Start of SOURCE MATERIAL

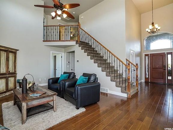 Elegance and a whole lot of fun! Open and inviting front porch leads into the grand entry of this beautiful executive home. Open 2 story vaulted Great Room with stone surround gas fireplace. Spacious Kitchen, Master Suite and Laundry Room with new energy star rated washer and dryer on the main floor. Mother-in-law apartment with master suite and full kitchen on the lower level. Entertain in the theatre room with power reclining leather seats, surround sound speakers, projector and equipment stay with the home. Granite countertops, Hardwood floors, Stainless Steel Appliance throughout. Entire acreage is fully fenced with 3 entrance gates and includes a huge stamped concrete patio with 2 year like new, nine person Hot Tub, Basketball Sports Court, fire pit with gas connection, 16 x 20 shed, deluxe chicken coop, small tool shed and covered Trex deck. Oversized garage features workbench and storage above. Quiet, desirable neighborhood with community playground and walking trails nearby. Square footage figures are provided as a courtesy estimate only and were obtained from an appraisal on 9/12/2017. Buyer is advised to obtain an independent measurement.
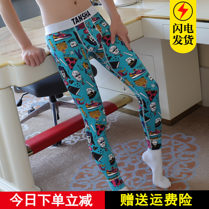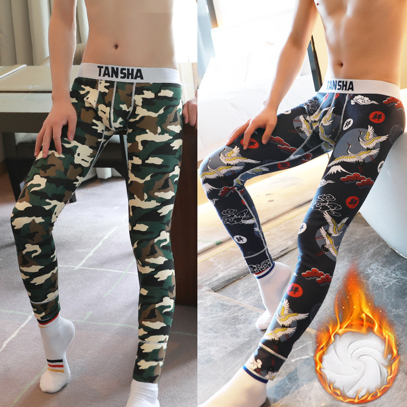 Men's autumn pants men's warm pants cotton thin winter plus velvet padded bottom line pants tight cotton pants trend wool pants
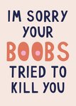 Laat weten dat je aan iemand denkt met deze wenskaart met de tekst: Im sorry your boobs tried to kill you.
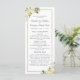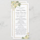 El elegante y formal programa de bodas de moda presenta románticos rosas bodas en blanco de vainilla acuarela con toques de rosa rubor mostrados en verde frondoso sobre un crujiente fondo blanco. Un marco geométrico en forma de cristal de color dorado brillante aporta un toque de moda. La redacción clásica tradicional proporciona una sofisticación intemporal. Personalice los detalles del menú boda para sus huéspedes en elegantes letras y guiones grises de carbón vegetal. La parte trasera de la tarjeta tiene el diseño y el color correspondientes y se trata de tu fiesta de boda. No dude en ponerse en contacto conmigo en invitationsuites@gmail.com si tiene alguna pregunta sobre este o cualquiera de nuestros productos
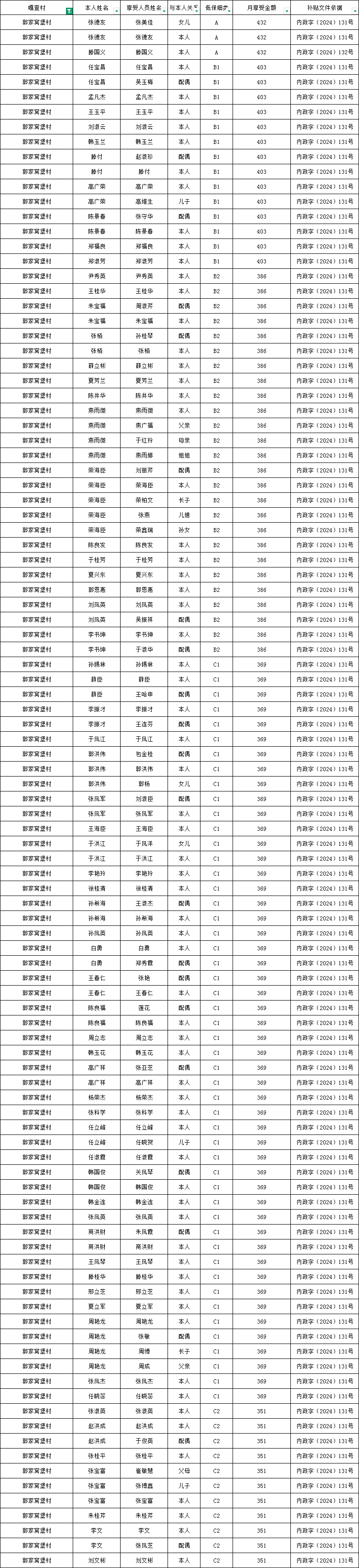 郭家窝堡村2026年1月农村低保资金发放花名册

End of SOURCE MATERIAL
Start of SOURCE MATERIAL

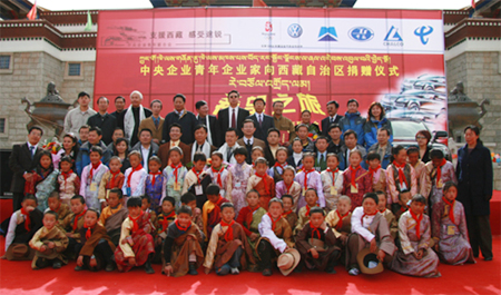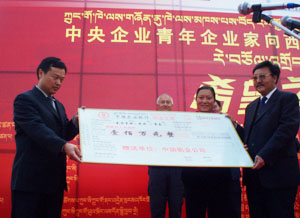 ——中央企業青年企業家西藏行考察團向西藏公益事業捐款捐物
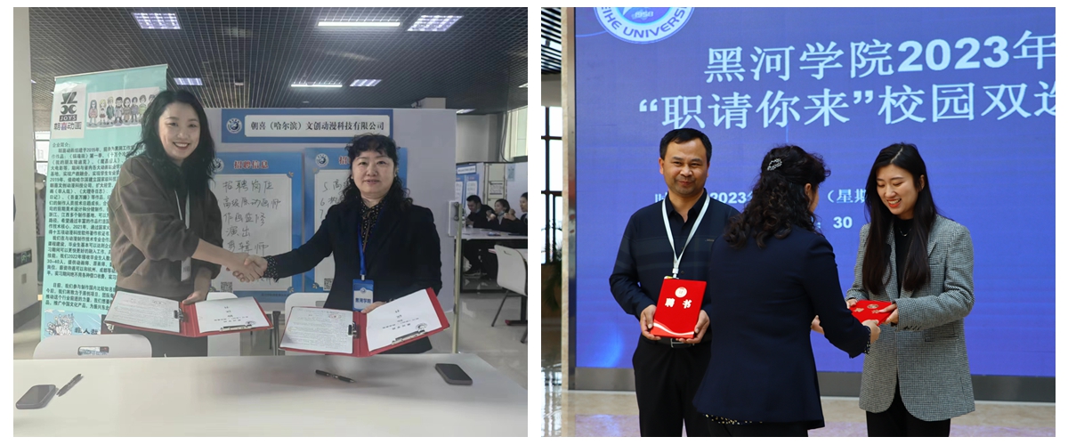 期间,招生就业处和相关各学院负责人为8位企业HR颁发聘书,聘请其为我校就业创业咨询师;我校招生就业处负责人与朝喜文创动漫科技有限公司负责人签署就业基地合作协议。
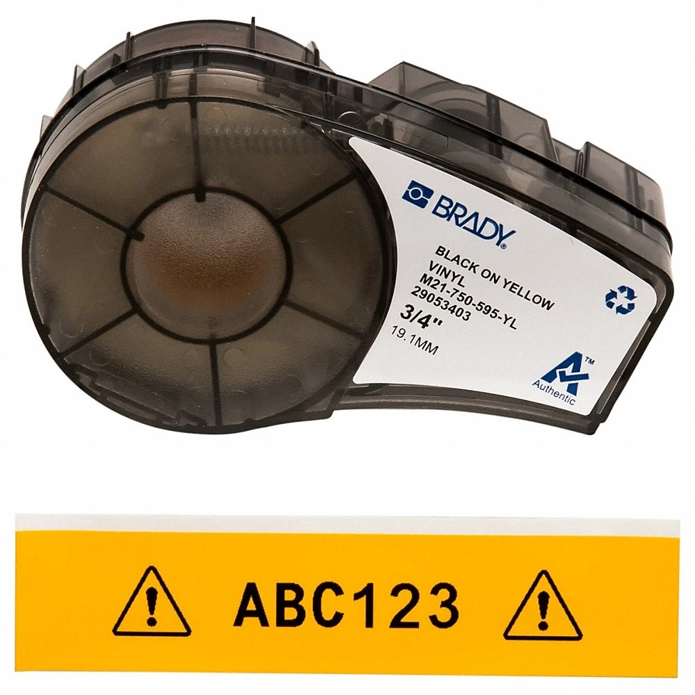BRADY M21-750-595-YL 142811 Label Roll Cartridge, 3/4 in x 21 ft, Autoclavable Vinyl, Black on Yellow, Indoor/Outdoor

End of SOURCE MATERIAL
Start of SOURCE MATERIAL

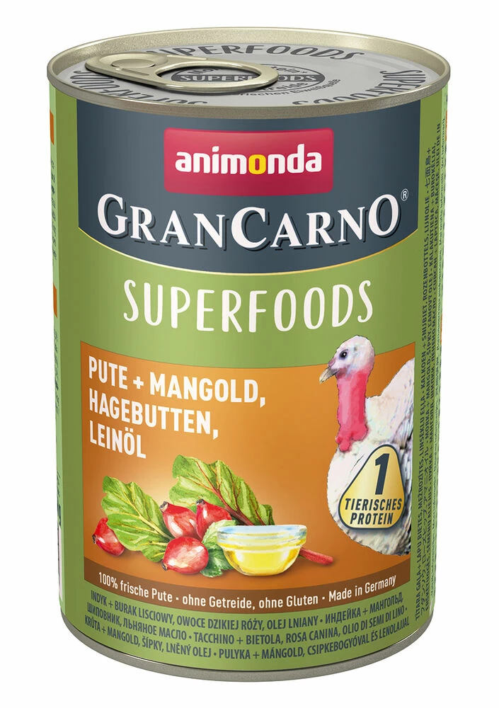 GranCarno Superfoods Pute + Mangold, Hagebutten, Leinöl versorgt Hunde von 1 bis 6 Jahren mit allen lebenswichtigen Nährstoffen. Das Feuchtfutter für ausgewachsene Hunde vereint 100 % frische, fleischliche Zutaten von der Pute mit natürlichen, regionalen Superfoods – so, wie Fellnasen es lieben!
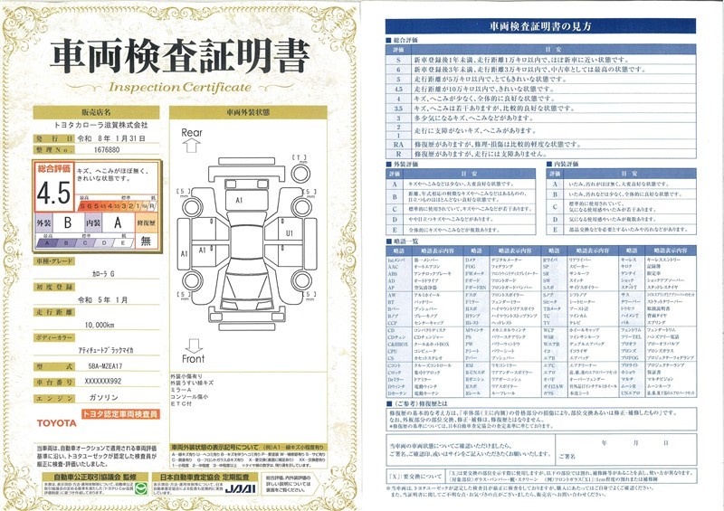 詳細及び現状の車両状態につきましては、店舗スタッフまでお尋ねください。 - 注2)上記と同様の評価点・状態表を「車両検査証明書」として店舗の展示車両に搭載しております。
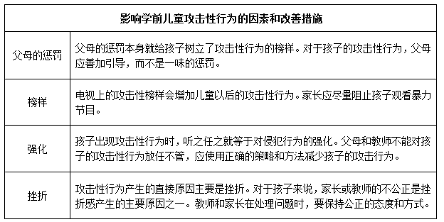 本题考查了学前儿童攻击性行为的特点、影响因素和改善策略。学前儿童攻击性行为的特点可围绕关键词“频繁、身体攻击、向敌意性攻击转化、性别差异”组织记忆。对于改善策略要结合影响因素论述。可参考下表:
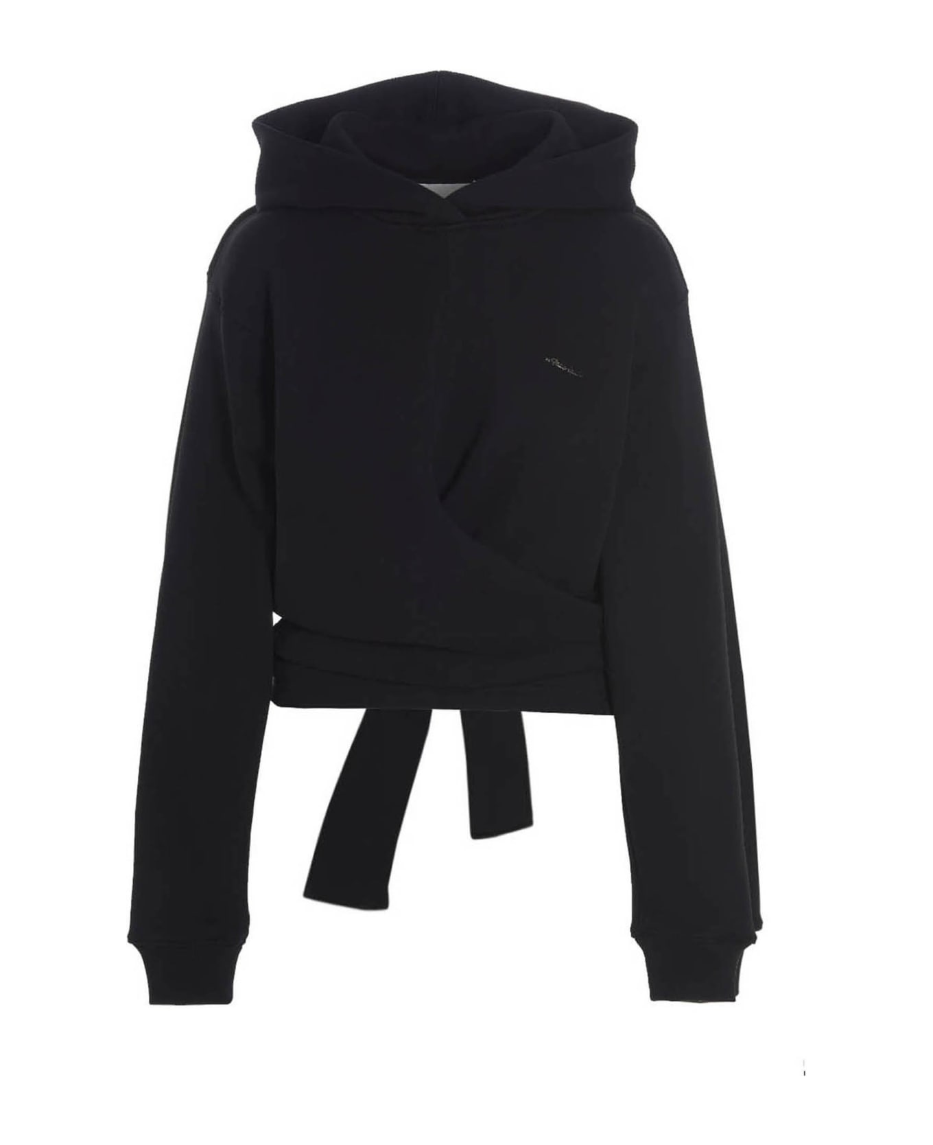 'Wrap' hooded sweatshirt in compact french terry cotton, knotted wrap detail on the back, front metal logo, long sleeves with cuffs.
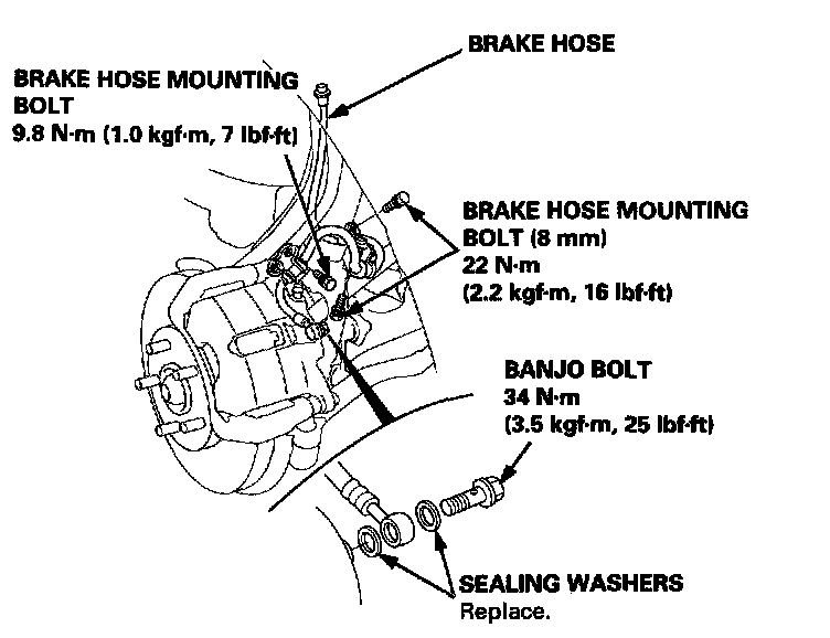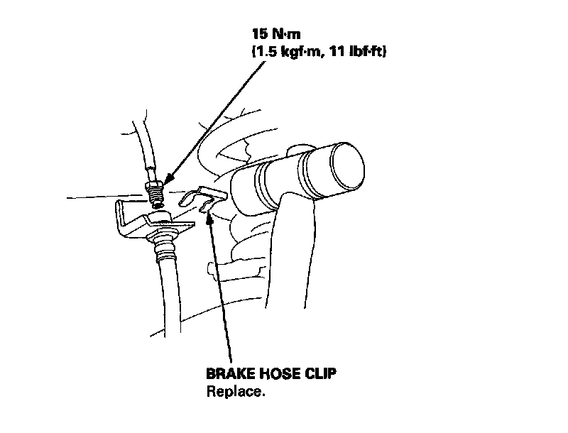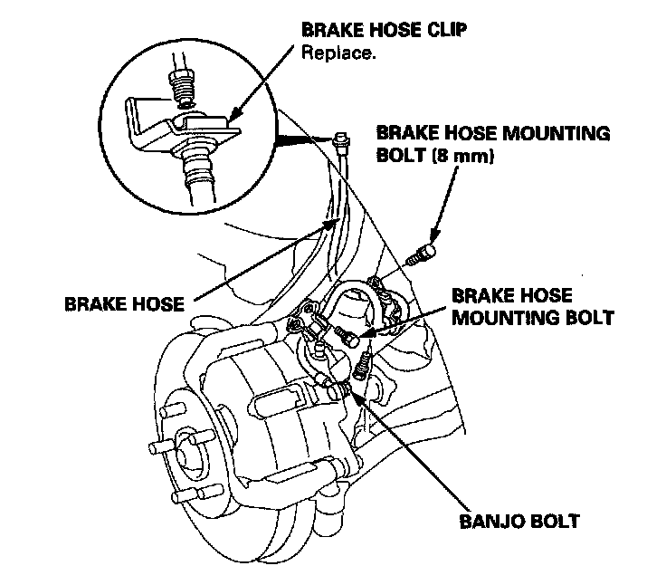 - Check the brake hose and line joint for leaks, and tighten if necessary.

End of SOURCE MATERIAL

WHAT YOU NEED TO DO:
Leaving out all pictures, set down exactly the lines of the material above, from the line with "Elegance and a" to the line with "Men's autumn pants" inclusive, and no others.

YOUR RESPONSE:
 Elegance and a whole lot of fun! Open and inviting front porch leads into the grand entry of this beautiful executive home. Open 2 story vaulted Great Room with stone surround gas fireplace. Spacious Kitchen, Master Suite and Laundry Room with new energy star rated washer and dryer on the main floor. Mother-in-law apartment with master suite and full kitchen on the lower level. Entertain in the theatre room with power reclining leather seats, surround sound speakers, projector and equipment stay with the home. Granite countertops, Hardwood floors, Stainless Steel Appliance throughout. Entire acreage is fully fenced with 3 entrance gates and includes a huge stamped concrete patio with 2 year like new, nine person Hot Tub, Basketball Sports Court, fire pit with gas connection, 16 x 20 shed, deluxe chicken coop, small tool shed and covered Trex deck. Oversized garage features workbench and storage above. Quiet, desirable neighborhood with community playground and walking trails nearby. Square footage figures are provided as a courtesy estimate only and were obtained from an appraisal on 9/12/2017. Buyer is advised to obtain an independent measurement.
 Men's autumn pants men's warm pants cotton thin winter plus velvet padded bottom line pants tight cotton pants trend wool pants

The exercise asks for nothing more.